В какую– то минуту девушка почувствовала, что в глазах ее темнеет, к горлу подступила тошнота, и Ольга провалилась в спасительную черноту…
В детстве, примерно класса до пятого или шестого, Славика Сергеева дразнили Мамочкой. Длинные, загибающиеся вверх, белесые ресницы, тонкие кисти рук, огромные глаза… А голос? Разве у мальчишек из Люберец бывает такой голос? Писклявый, ломкий, постоянно срывающийся на «петуха». Хочешь крикнуть басом, наберешь полную грудь воздуха, плечи развернешь пошире, нахмуришься (как же без этого!), крикнешь, в конце концов, что есть силы, – а получается сплошной конфуз. Да нет конечно же Мамочка, какой тут может быть разговор!

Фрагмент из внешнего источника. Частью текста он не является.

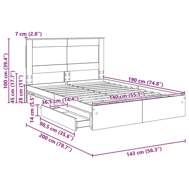 Ta posteljski okvir za shranjevanje je praktičen dodatek vsaki spalnici. Zasnovana je v modernem slogu, s čistimi linijami in minimalnim okrasjem, kar odlično pristoji sodobnim prostorom. Njena pravokotna oblika pa ji daje eleganten videz, in inženirski les nudi stabilnost. Vgrajeno shranjevanje je super za tiste, ki potrebujete dodaten prostor, in hkrati združuje obliko in funkcijo.
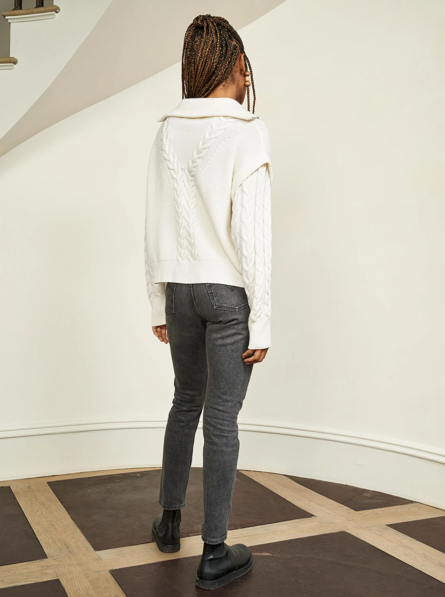 Our Cable Bastien Sweater is the newest closet staple where function meets fabulous in delicious merino fashioned from a borrowed-from-the-boys silhouette.
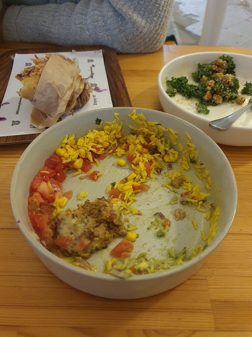 Fantastic flavours and friendly service, over ordered (eyes bigger than belly). Had the kale and chick pea salad (Rhino) and the smash salad with lentil patties, rice, guacamole and salsa plus a mushroom gyro between two 😋 great service, really friendly.
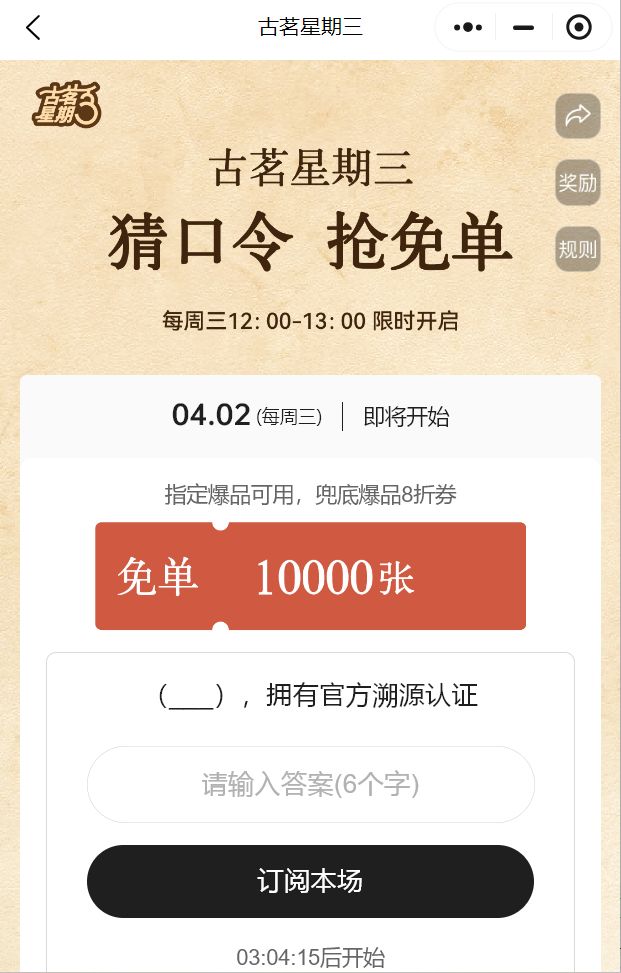 由于我无法实时获取具体品牌或公司的最新信息,包括古茗的特定活动,我无法直接告诉你4月2日揭晓的神秘口令是什么。
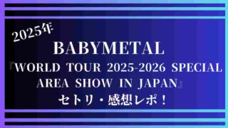 BABYMETAL 【ベビメタ】2026!埼玉スーパーアリーナ!セトリネタバレ・感想レポ BABYMETALさんが『WORLD TOUR 2025-2026 SPECIAL AREA SHOW IN JAPAN』が本日1月10日に初日を迎えましたよね!ライブ公演で、一緒に盛り上がりたいので、どの曲がどういった順番で歌ってくれるか... 2026.01.10 BABYMETAL

Он даже не пробовал сопротивляться. Да и попробуй, например, выскажи свое мнение этим «ледовым амбалам» – так в классе называли ребят, которые занимались хоккеем в местном Дворце пионеров. Враз забьют! Как это было, например, с Валяевым из параллельного класса. Он переехал в Люберцы из Воскресенска этой осенью, а когда пошел в школу, был в первый же день избит старожилами. Избит просто так, без видимых причин. Потому что посмотрел не так. Сказал лишнее. Показался заносчивым… А главное – потому что чужак и плохой пример подает другим. Не помог даже разряд по боксу. Налетели «ледовые амбалы» на беднягу Валяева с разных сторон, словно стая голодных волчат, и все – забили, запинали до крови. Хорошо, что еще не покалечили.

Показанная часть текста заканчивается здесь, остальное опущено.